How does mouth-to-mouth resuscitation work?

When giving breath in the form of mouth-to-mouth resuscitation, you, as a first aider, blow the air you exhale into an unconscious person who is no longer breathing himself.

Mouth-to-Mouth Resuscitation: Instructions

  1. Lay the unconscious person flat on his back.
  2. Kneel down next to his head.
  3. Now take the chin of the unconscious person with one hand and pull it slightly upwards (this way the head is slightly hyperextended). Use the thumb of the same hand to hold the victim's mouth open.
  4. Place the second hand on his forehead and close his nose with your thumb and forefinger.
  5. Now breathe normally, then, with your mouth wide open, encircle the unconscious person's open mouth and breathe in your exhaled air for about a second. The chest of the person concerned must lift noticeably.
  6. Then detach yourself from the unconscious person's mouth (but keep holding his head) and see whether his chest sinks again.
  7. Repeat the whole thing once.
  8. After the 2nd breath you should start with the cardiac pressure massage, which you then perform alternately with renewed ventilation. Experts recommend a rhythm of 30: 2 here. That means: 30 heart pressure massage and 2 alternating breath donations.
  9. Continue the resuscitation until the person concerned is breathing normally again or the alarmed emergency doctor arrives!

Variant: mouth-to-nose resuscitation

If the unconscious mouth does not open or is injured, you can do mouth-to-nose resuscitation. It is as effective as mouth-to-mouth resuscitation, but a little more difficult to perform. It is not easy to keep the mouth of an unconscious person tightly closed while giving breath (soft lips!).

This is how mouth-to-nose ventilation works:

  1. Lay the unconscious man flat on his back and kneel next to his head.
  2. Place one hand on the unconscious forehead and the index and middle fingers of the other hand under the chin.
  3. Stretch the patient's head back a little: To do this, push the head back a little with your hand on your forehead, while you pull your chin up slightly with the other hand.
  4. Now place the thumb of the "chin hand" under the lower lip of the unconscious person (index and middle fingers remain under the chin) and press them firmly against the upper lip to close the mouth.
  5. Breathe in normally. Then surround the unconscious person's nose with your lips and blow in the air you exhale for about a second.
  6. After the resuscitation, turn your head to one side to see if the unconscious upper body is sagging again.
  7. Now give a second breath, followed by a heart pressure massage (see above).

Breathing donation to the child

In the case of children, the respiratory donation is given in a slightly adapted form. For example, if you are a child under the age of one, do not over-stretch your head. You can find out what else you should pay attention to in the article Mouth-to-mouth resuscitation in children.

When do I do mouth-to-mouth resuscitation?

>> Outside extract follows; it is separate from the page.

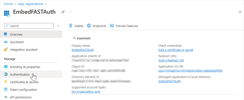 3. Select **Authentication** (under Manage) from the left pane.&#x20;

Give mouth-to-mouth resuscitation if someone loses consciousness and stops breathing, or if someone has cardiovascular arrest. Do it quickly: just a few minutes without oxygen can cause severe brain damage and lead to death.

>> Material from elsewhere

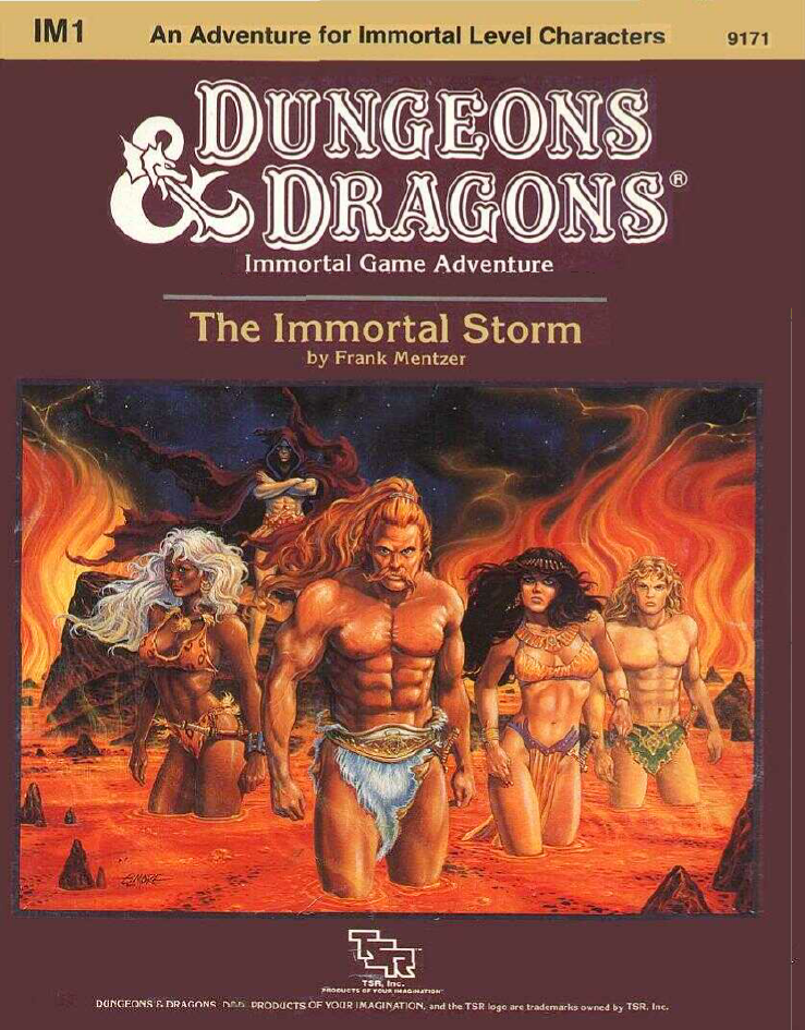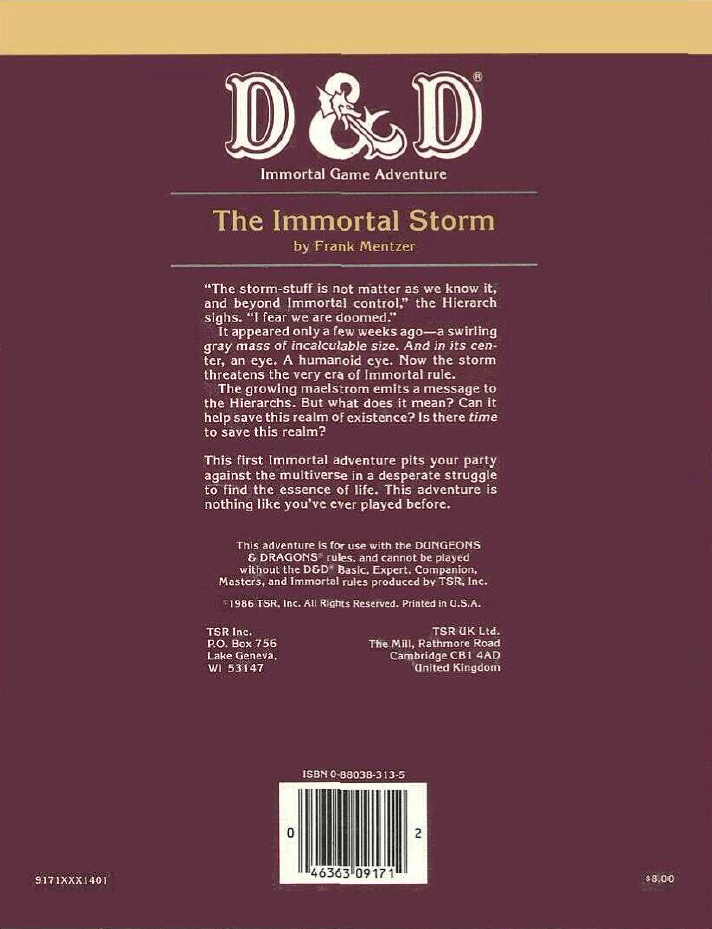 The first module for the Immortal levels of BECMI, this is an interplanar adventure that takes your party of Godlike high-level immortal adventurers into such exotic locales as New York, Chicago or a manufacturing plant in the fabled land of Skokie, IL. You will also go to weird worlds populated by musical staves and sentient musical notes.. a trip in more ways than one.

Continue donating breath (alternating with cardiac pressure massage) until the injured person breathes independently again or the emergency services arrive.

Risks of resuscitation in adults

Especially with mouth-to-mouth resuscitation, the pressure exerted when blowing in air can get into the stomach. This can cause vomiting in the unconscious. If the vomit gets into the airways (aspiration), these can be blocked.

The blown air cannot or only with difficulty reach the lungs if you, as a first aider, stretch the unconscious head too far. In doing so, its airways constrict.

If the patient is infected, there is a certain risk of infection for you as the first aider through the respiratory donation. But this is very low.

Donating your own breath can lower the level of carbon dioxide in your blood. The first aider recognizes this by a flicker in front of his eyes. He should then take a short break from mouth-to-mouth resuscitation (or mouth-to-nose resuscitation) or have someone relieve him.